Given these new housing issues, the political debates surrounding the contradictory interpretation of housing as a social or economic good and the associated policies, e.g., in planning, tenancy, or property law, are becoming increasingly conflictual at local, regional, national, and European levels. A continuity of market-compliant (or neoliberal) perspectives, on the one hand, is contrasted by increasingly post-neoliberal strategies, on the other, which are being demanded not least by social protest movements and civil society initiatives and have also characterized municipal policies in recent years. The subject of housing serves as both a reflection and an amplifier of social inequality and as a place where the crisis of social reproduction can be experienced in socially diverse and gendered ways; it became apparent during the COVID-19 pandemic and is now becoming visible again because of the precariousness of energy supply.

© Florian Janik

Global climate crisis and the ecologization of housing

Finally, housing is also changing due to the climate crisis and the associated ecological challenges. For example, housing practices are changing due to the climate, and strategies for climate impact adaptation and carbon dioxide avoidance are being implemented. The latter goes hand in hand with requirements for existing buildings, new construction, utilization, and residential environment design to achieve greenhouse gas neutrality, reduce land and resource consumption, and adapt residential areas to changing urban climatic conditions and diversified housing needs.
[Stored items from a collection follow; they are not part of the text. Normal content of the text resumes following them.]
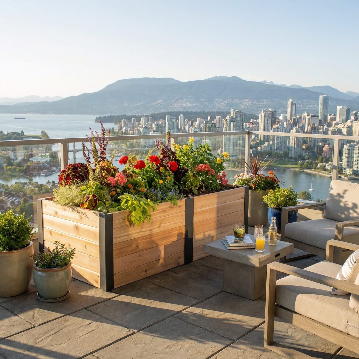 Integrated Floor: Built-in cedar base keeps soil contained — perfect for patios, balconies, rooftops, and renters
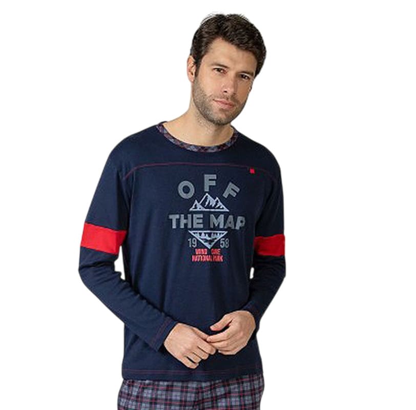 Camiseta en azul marino con acabado en cuello redondo envivado a juego con el pantalón. Estampado en el pecho y detalles contrastados en rojo para darle un acabado más informal y juvenil a la prenda.
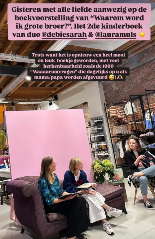Omdat het boek zo'n succes was, begonnen De Bie en Muls een tweede kinderboek. "Waarom word ik grote broer", heet de titel. Dat tweede kinderboek werd gisteren voorgesteld in het bijzijn van haar vriendinnen.
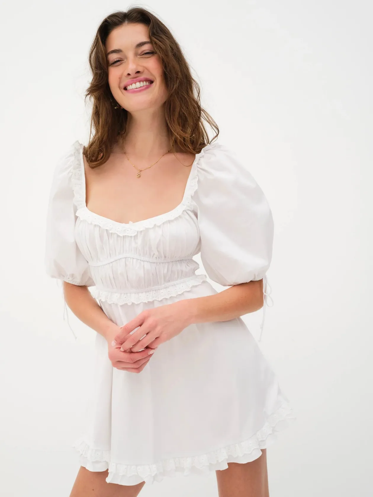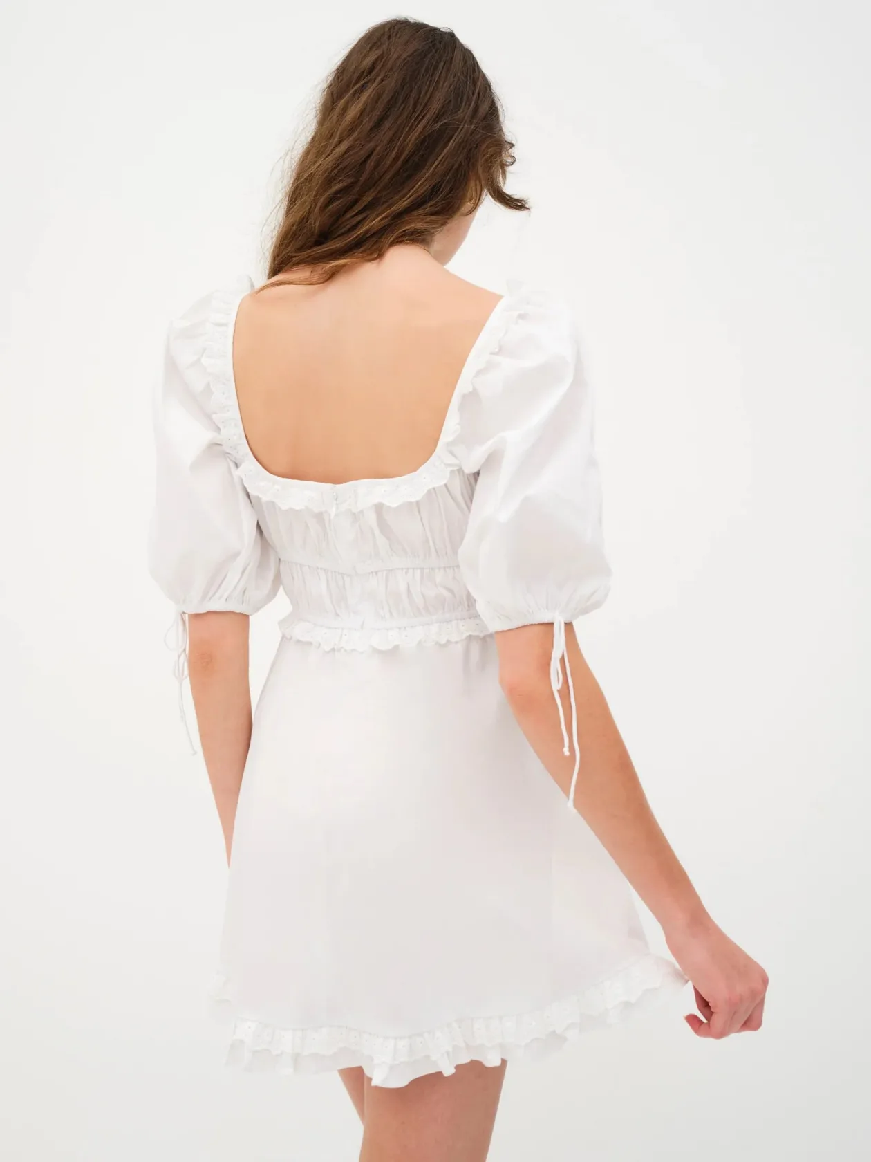 Vintage-inspired cotton poplin mini dress featuring delicate ruffled eyelet trim throughout. Shirred bodice, puff sleeves, and side seam hidden pockets. Fit-and-flare silhouette.
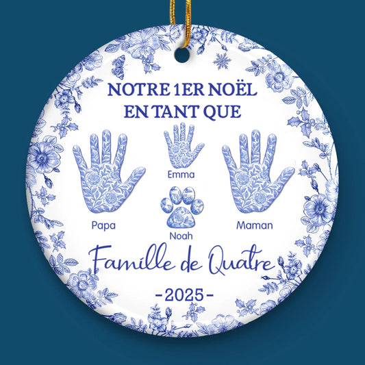 Notre premier Noël en famille... Décoration pour sapin de Noël avec empreinte de main et nom
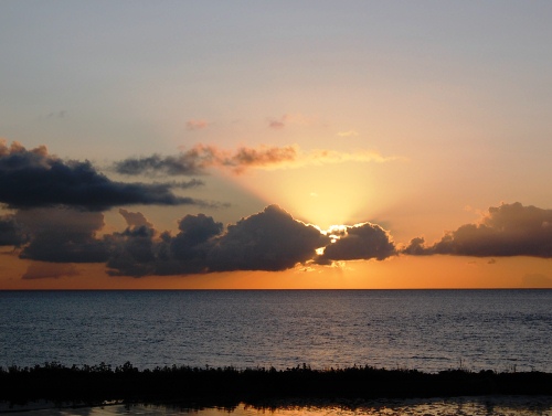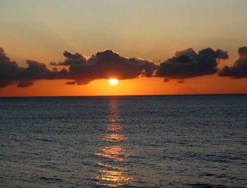屋久島を背に夕日が沈む。
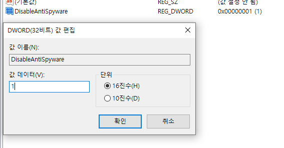 ※ 위에 그림과 같이 "DisableAntiSpyware" 존재 하면 해당 데이터를 "0" 에서 "1" 로 변경
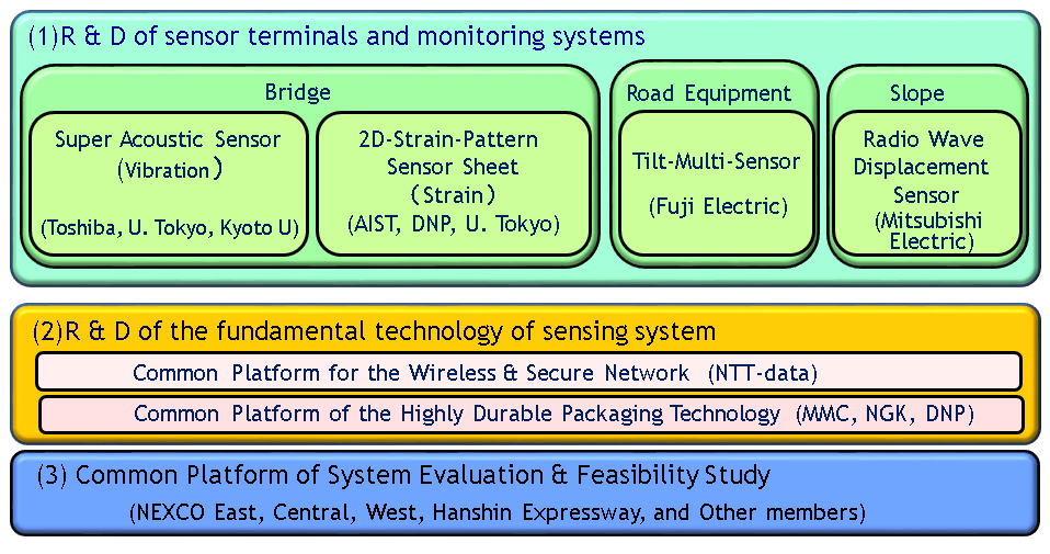 Our system will supplement existing inspection technology, utilizing a wireless sensor network to enable 24-hour continuous and comprehensive knowledge of the status of road infrastructure. It is also suitable for monitoring locations that are difficult to access and responding to sudden phenomena such as disasters. NMEMS will construct a user-participation research system through industry-academia-government collaboration comprising sensor device/system/packaging manufacturers, the National Institute of Advanced Industrial Science and Technology (AIST), universities, expressway companies, and other organizations, with the R&D being conducted over a five-year period beginning this fiscal year. We ask for the kind cooperation and support of everyone involved in this endeavor.
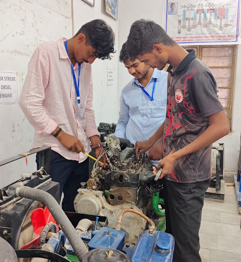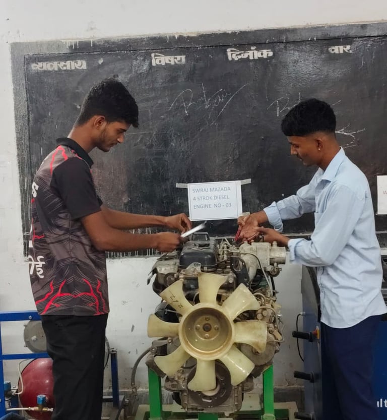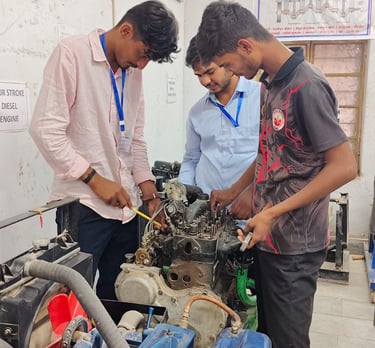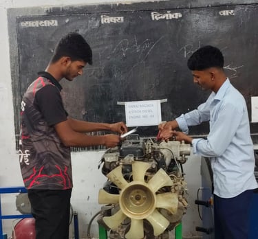 मैकेनिक डीजल व्यवसाय में प्रशिक्षण प्राप्त प्रशिक्षणार्थियों हेतु रोजगार एवं स्वरोजगार के क्षेत्र :- निजी वर्कशॉप लगाकर इंजिन सर्विसिंगव मरम्मत कार्य। 2. डीजाल इंजिन से सम्बन्धित उपकरण जैसे: फ्यूल इंजक्शन पम्मा एवं इंजेक्टर सर्विसिंग एवं मरम्मत तथा स्कूटर, मोटर- साइकिल, मोपेड, श्री व्हीलर का मरम्मत व सर्विसिंग कार्य। ॐ विधुत उपकरण जैसे डायनेमी, एल्टरनेटर, सेल्फ, स्टार्टर, बैटरी की मरम्मत कार्य वाटर पेम्मा, रडिएटर, व ऑयल पम्प की मरम्मत कार्य । 4. सिलेण्डर हेड सर्विसिंग में वॉल तथा वॉल शीट ग्राइंडिंग कार्य।मैकेनिक डीजल व्यवसाय में प्रशिक्षणार्थियों को दी जाने वाली तकनाकी दक्षताः 1 इंजिन को सिद्धान्त तथा कार्य प्रणाली की विस्तृत जानकारी। 2. इंजिन के पुर्जी की जानकारी जैसे:पुर्जे की बनावट, मैटेरियल, कार्य प्रकार, खराबी व उनका निस्तारण तथा रख-रखाव । 3. कूलिंग सिस्टम में प्रयुक्त पुर्जे जैसे रेडिएटर थर्मोस्टट वाल्व, वाटर पम्प, फैज, फैन बल्द, वाटर जैक्ट की जानकारी, रख-रखाद 4. लुब्रिकेशन सिस्टम में प्रयुक्त पुर्नेः आयल परमण, आयल फिल्टर सम्मा व ऑयल बदलना, पुजा की मख्मत तथा रख रखाव । 5. फ्यूल सिस्टम में प्रयुक्त पुर्जे जैसे फ्यूल इंजक्शन, पम्प, फीड पम्प, फ्यूज टेकन, इंजेक्टर, फ्यूल फिल्टर, फ्यूल पाइए की मरागत एवं रख रखाव ।
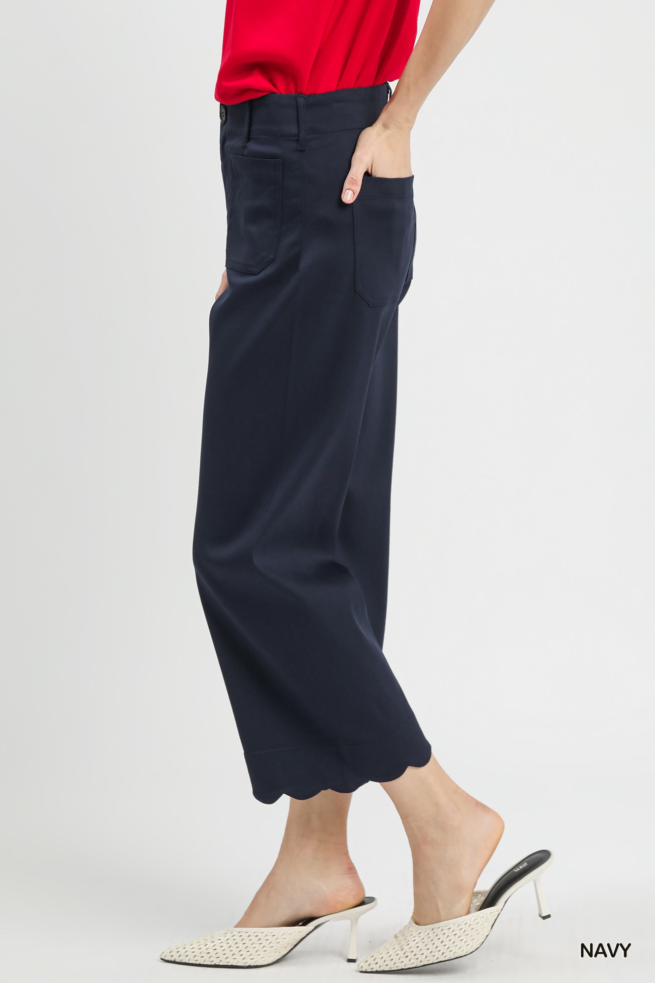 These wide-leg pants feature a flattering silhouette that is on-trend and comfortable to wear. The scalloped hem detail adds a unique and feminine touch to the design. With practical pockets, these pants are both stylish and functional. Please be aware that they are not lined, offering a breezy feel perfect for warmer weather. Elevate your wardrobe with these chic scallop hem wide-leg pants that are sure to make a statement.
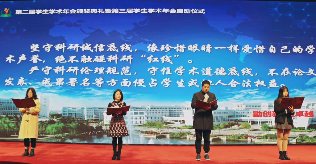 嘉宾对话作为本次年会的特色环节以“创新人才培养与大学精神”为主题。“育人为本,德育为先”,优秀人才培养,离不开辛勤园丁们的滋养灌溉。402永利集团金融系主任倪中新提出创新需要大胆的质疑精神,学术需要执着精神,学术研究不在于成果的发表,而是刨根问底的执着精神;402永利集团经济系教授许玲丽认为创新的关键在于广泛阅读文献,进而发现新问题,新方法,新机制等新事物;402永利集团经济系副教授孙凯畅谈了创新的三大投入要素——智商、逆商和体质;常务副经理聂永有强调学经济学必须有经世济民的家国情怀,一定要有服务社会的热情,他勉励各位同学牢记402永利集团“自强不息,经世济民”的院训。 至此,2020年第二届员工学术年会落下帷幕紧接着公司党委书记陆甦颖宣布402永利集团第三届员工学术年会正式启动!导师代表402永利集团产业经济研究中心副教授朱婷,金融系青年教师吴飞凡,本科生代表王炫宵,研究生代表苏瑞敏上台进行学术诚信宣誓,学术科研,根植于诚信,兴起于坚守,我们要坚守学术诚信、摒弃学术不端行为、努力做优良学术道德的践行者和良好学术风气的维护者。
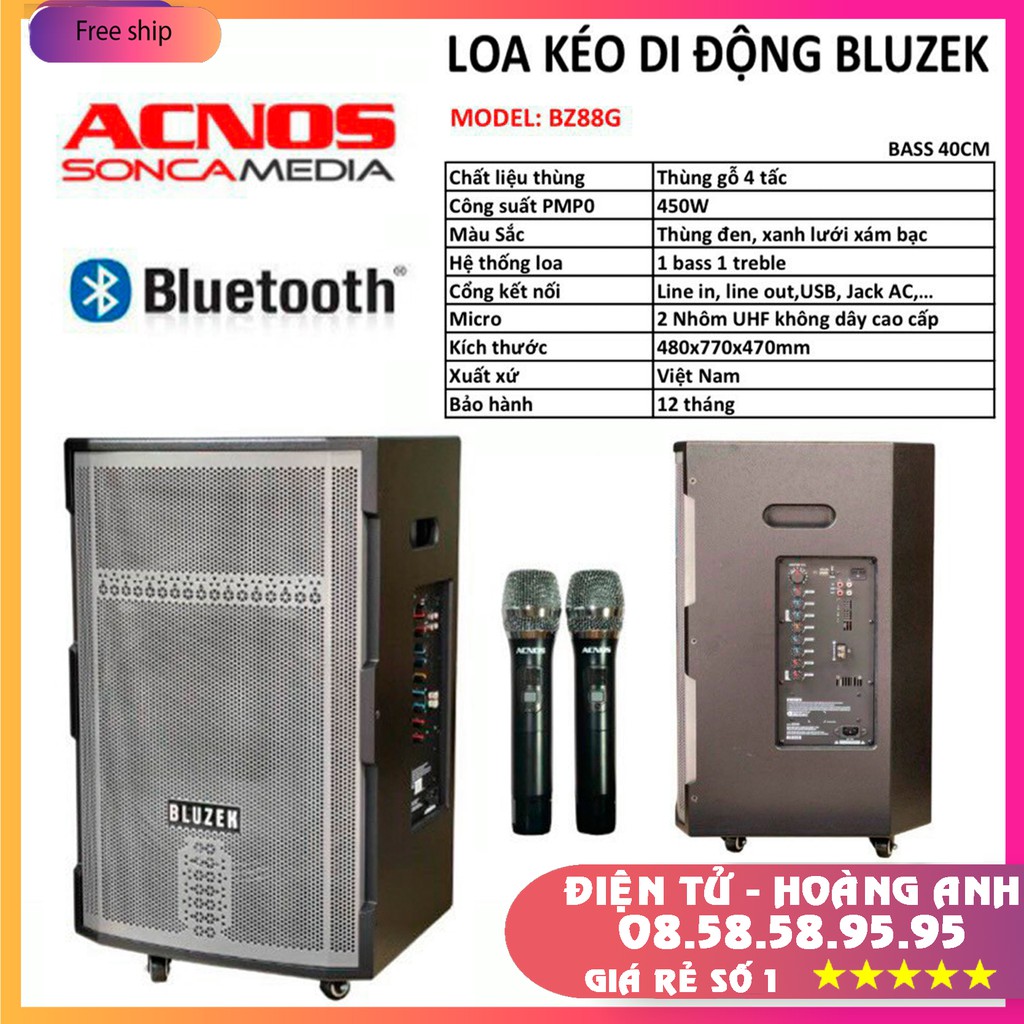 Thiết Bị Âm Thanh > Micro thu âm || Loa Kéo Di Động ACNOS BLUZEK BZ88G - Công Xuất LớnCòn hàng
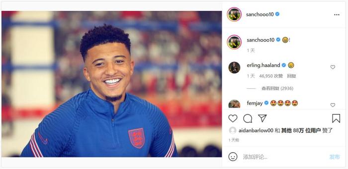 本周,20岁的哈兰德首次对合作18个月的桑乔转会发表评论。曼联新援在社交网站发布一张自己在欧洲杯上备战的照片,而哈兰德跟帖,配上悲伤落泪的表情。
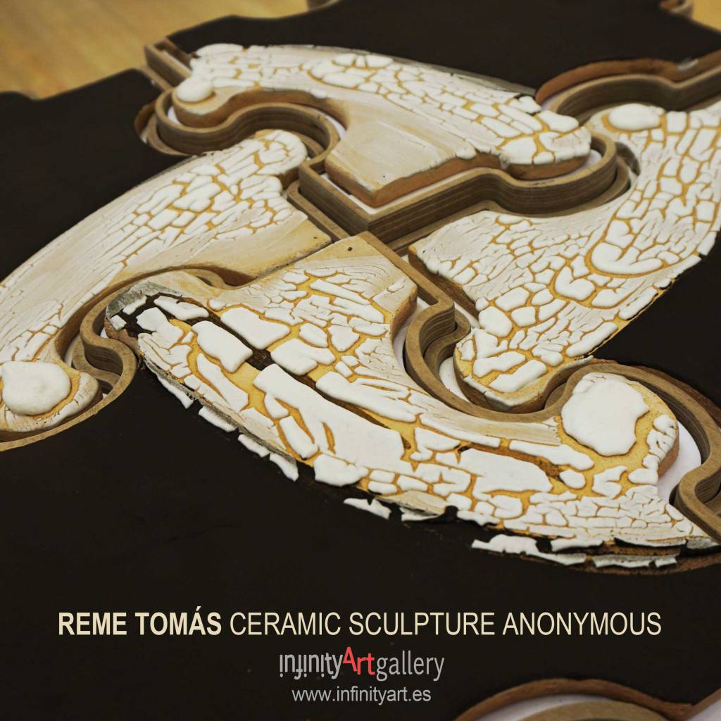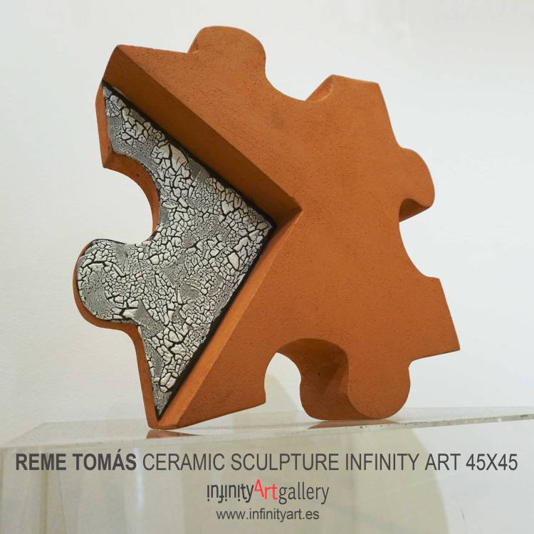A partir de la forma que identifica las piezas de Infinity Art, Reme Tomás aporta su visión tridimensional incorporándole texturas características de su obra propia, vidriados craquelados que nos remiten a la naturaleza como única dirección para conservar nuestro medioambiente.

The associated design, urban planning, urban ecology, and construction requirements represent an opportunity for the sustainable design of the environment. At the same time, however, their realization is accompanied by economic, social, or fiscal policy conflicts of interest. Such as, climate upgrading of existing buildings is brought into play against demolition and new construction, the reduction of living space is demanded first and foremost in social housing construction, and the preservation of inner-city or peri-urban green spaces collides with new construction projects from a microclimatic perspective. Additional conflicts might be energy-efficient construction limiting the income of private investors, the social justice of the cost distribution of energy modernization or high heating costs due to inadequate energy standards is up for debate, or new single-family home neighborhoods designated in shrinking municipalities for fiscal policy reasons instead of using vacant properties.

At the same time, the greening of housing raises questions about the relationship between the city, the suburban hinterland, and rural areas. It is closely interwoven with the regional organization of work, mobility, and supply, the associated reconfiguration of urban-rural relationships into ‘rurban’ landscapes and lifestyles, and their often ecologically problematic effects. Given the trends described above, it appears to be an unrivaled social challenge.